EXERCISE:
Everything from the line containing "公司年産3萬噸特種工業炭黑項目環境影響評價第二次公示 - 信息公示" through the final line below must be output exactly, both ends included, with nothing else and no pictures.

····················

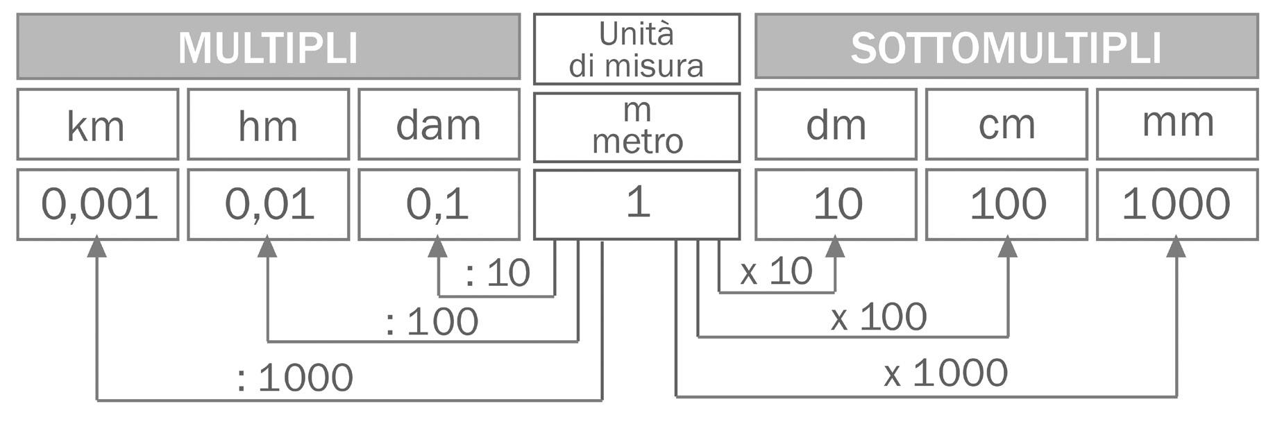 • per passare da un’unità di misura maggiore a quella minore devi moltiplicare per 10, 100, 1000, ecc. Es.: 13 dam = 1300 cm
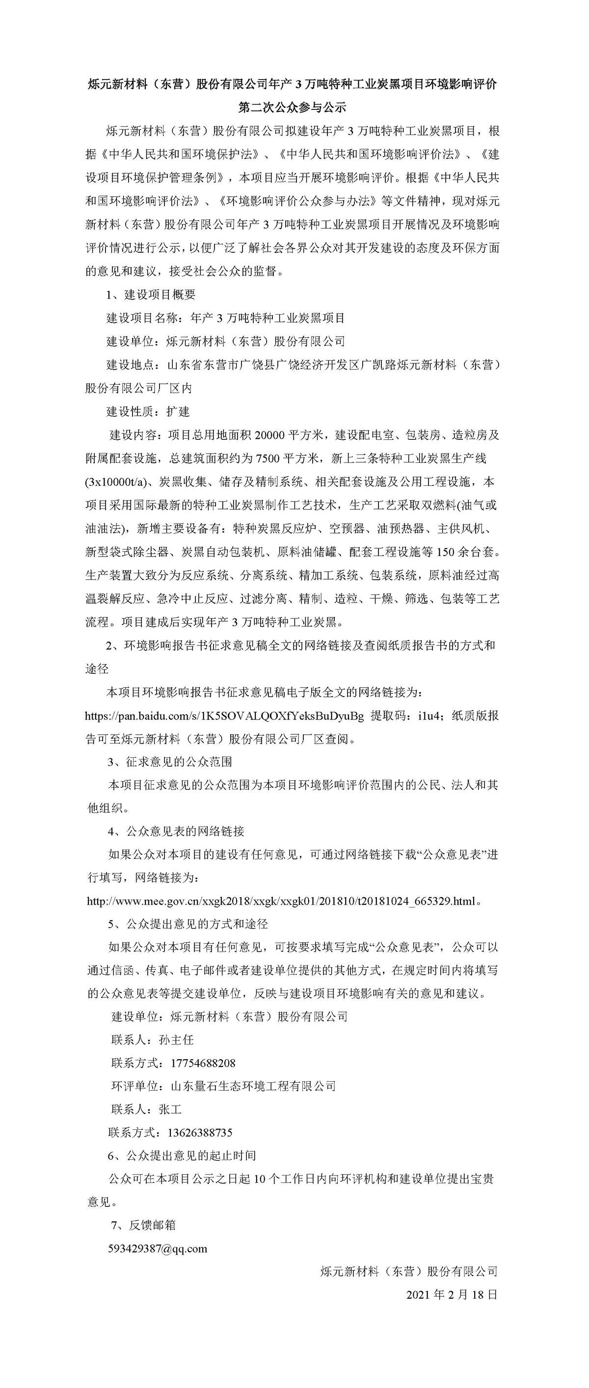 公司年産3萬噸特種工業炭黑項目環境影響評價第二次公示 - 信息公示 - 石家庄义浩机械制造有限公司
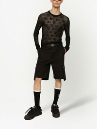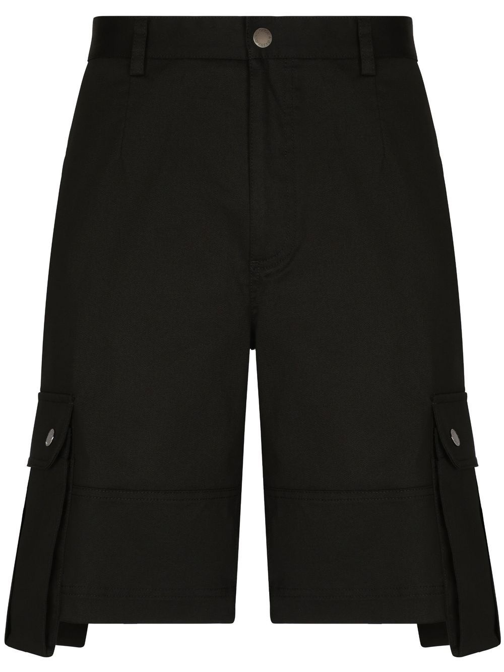 knee-length cotton Bermuda shorts black stretch-cotton belt loops front button and zip fastening knee-length two side slit pockets two side flap pockets two rear flap pockets Made in Italy Composition Cotton 97%, Spandex/Elastane 3%
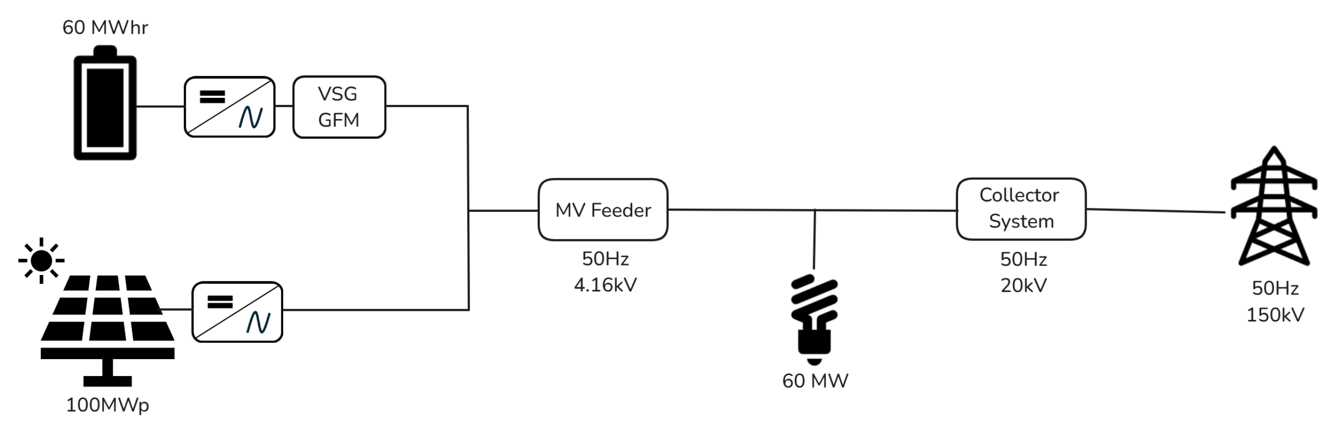Figure 2) is characterized by high photovoltaic PV penetration and comprises several main components. These include a 100 MWp PV plant, and a BESS with a 60 MWhr capacity with a peak power of 35 MW integrated with a VSM operating in GFM. The system features a 50 Hz medium-voltage grid operating at 20 kV, a high-voltage grid running at 150 kV, and a 60 MW real power load. The PV plant features two three-phase central inverters, each capable of delivering a maximum power of 50 MW at 25 °C and 1000 W/m
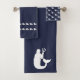 Merman avec requins tigres Salle de bain bleu océan et blanc serviette design par Sandy Closs
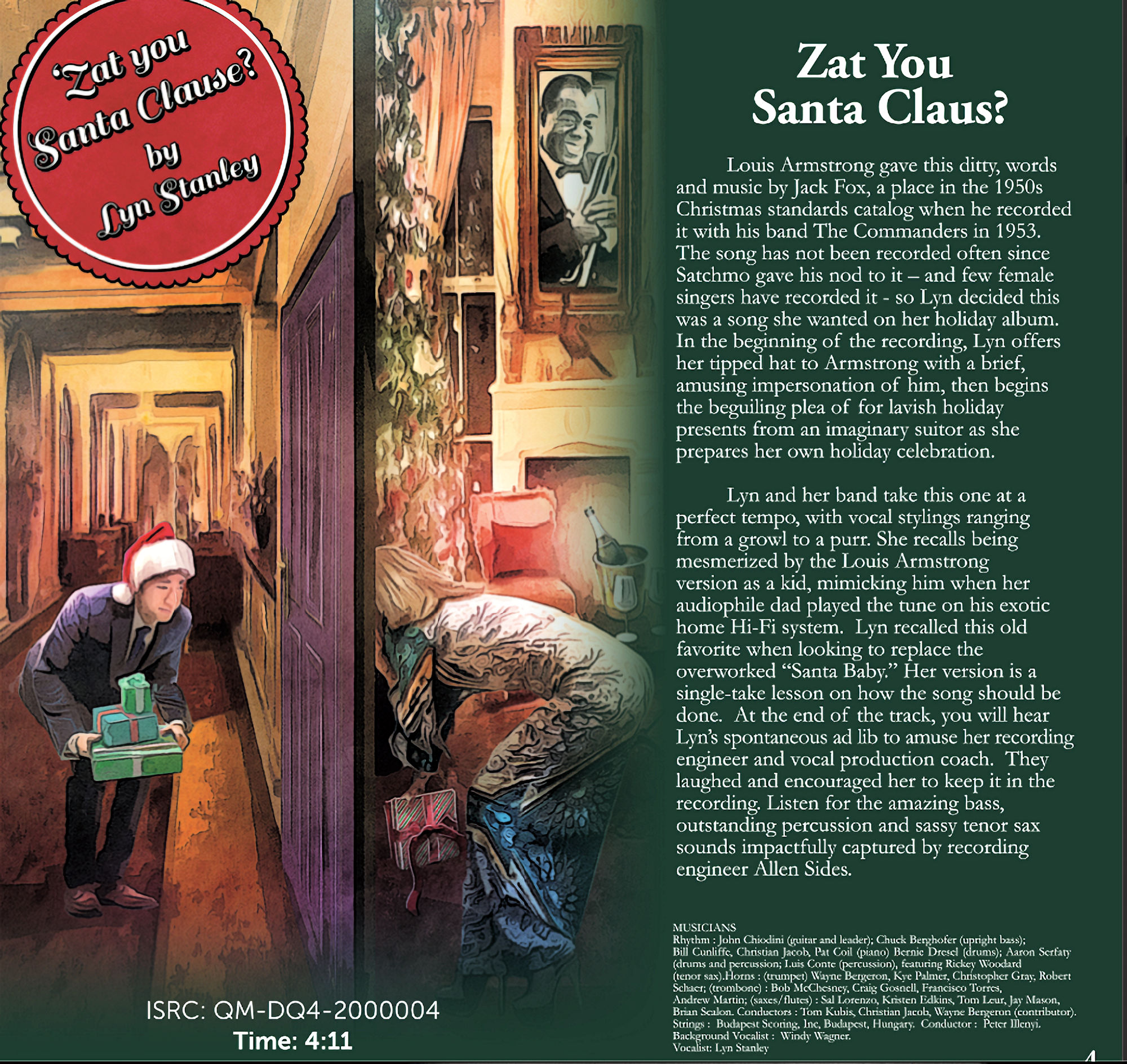 I must also commend the new arrangements of some old Christmas favourites, such as Lyn’s unique take on ‘Zat You Santa Claus’ (Track 1 of Tape 1). The big band opening track of this Louis Armstrong classic from 1953 is given a sultry twist. ‘Come Dance With Me’ has a Latin ‘cha-cha-cha’ rhythm, and ‘It’s Magic’ is given a lovely rumba treatment.
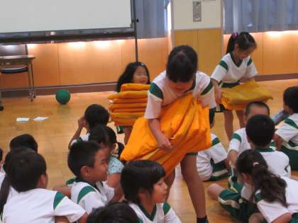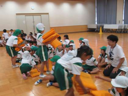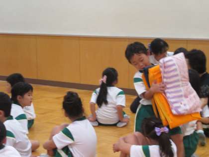 ゲームが終わり、片付けてあった防災頭巾をもとに戻します。気がついた子がどんどん分けていて、感心させられました。
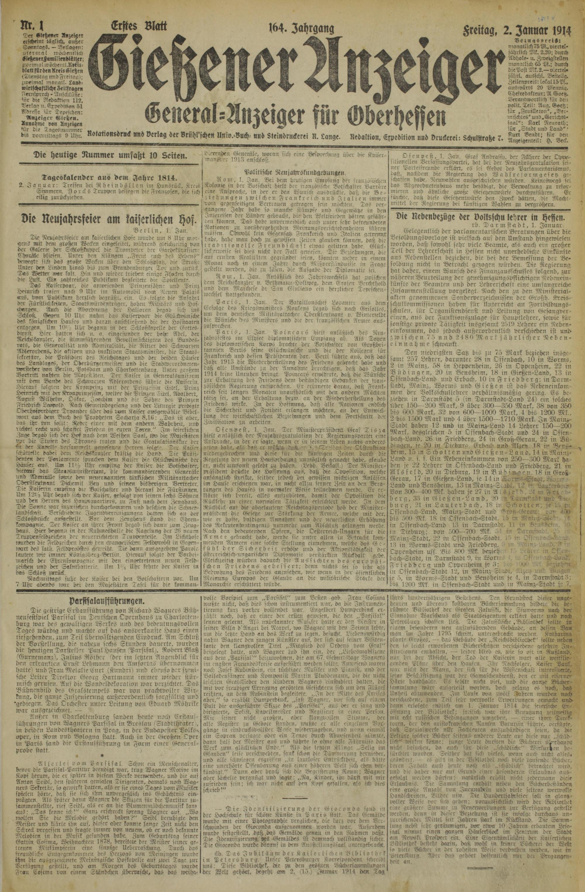 Ter «teßener Anzeiger erschein! täglich, außer Sonntaas. — Beilagen: viermal wöchentlich
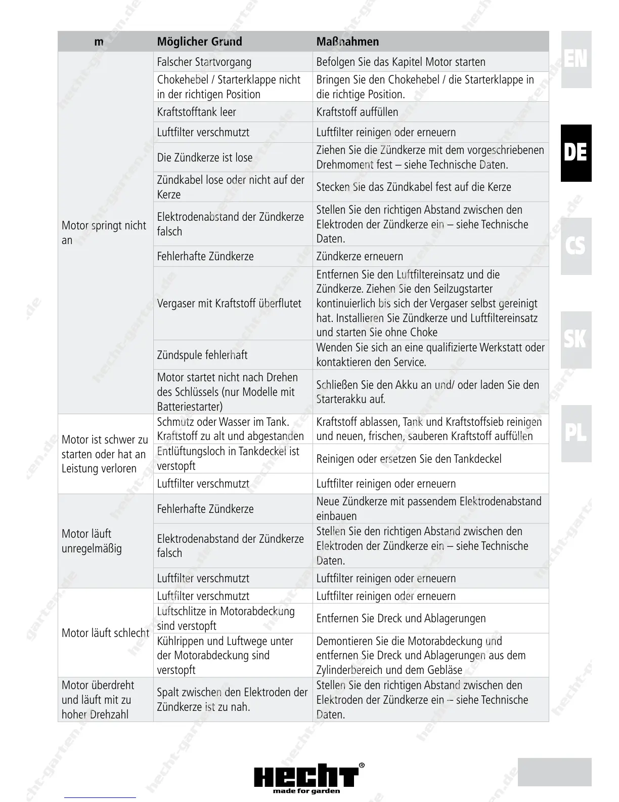 Falscher Startvorgang Befolgen Sie das Kapitel Motor starten

····················

EXERCISE OUTPUT:
 公司年産3萬噸特種工業炭黑項目環境影響評價第二次公示 - 信息公示 - 石家庄义浩机械制造有限公司
 knee-length cotton Bermuda shorts black stretch-cotton belt loops front button and zip fastening knee-length two side slit pockets two side flap pockets two rear flap pockets Made in Italy Composition Cotton 97%, Spandex/Elastane 3%
Figure 2) is characterized by high photovoltaic PV penetration and comprises several main components. These include a 100 MWp PV plant, and a BESS with a 60 MWhr capacity with a peak power of 35 MW integrated with a VSM operating in GFM. The system features a 50 Hz medium-voltage grid operating at 20 kV, a high-voltage grid running at 150 kV, and a 60 MW real power load. The PV plant features two three-phase central inverters, each capable of delivering a maximum power of 50 MW at 25 °C and 1000 W/m
 Merman avec requins tigres Salle de bain bleu océan et blanc serviette design par Sandy Closs
 I must also commend the new arrangements of some old Christmas favourites, such as Lyn’s unique take on ‘Zat You Santa Claus’ (Track 1 of Tape 1). The big band opening track of this Louis Armstrong classic from 1953 is given a sultry twist. ‘Come Dance With Me’ has a Latin ‘cha-cha-cha’ rhythm, and ‘It’s Magic’ is given a lovely rumba treatment.
 ゲームが終わり、片付けてあった防災頭巾をもとに戻します。気がついた子がどんどん分けていて、感心させられました。
 Ter «teßener Anzeiger erschein! täglich, außer Sonntaas. — Beilagen: viermal wöchentlich
 Falscher Startvorgang Befolgen Sie das Kapitel Motor starten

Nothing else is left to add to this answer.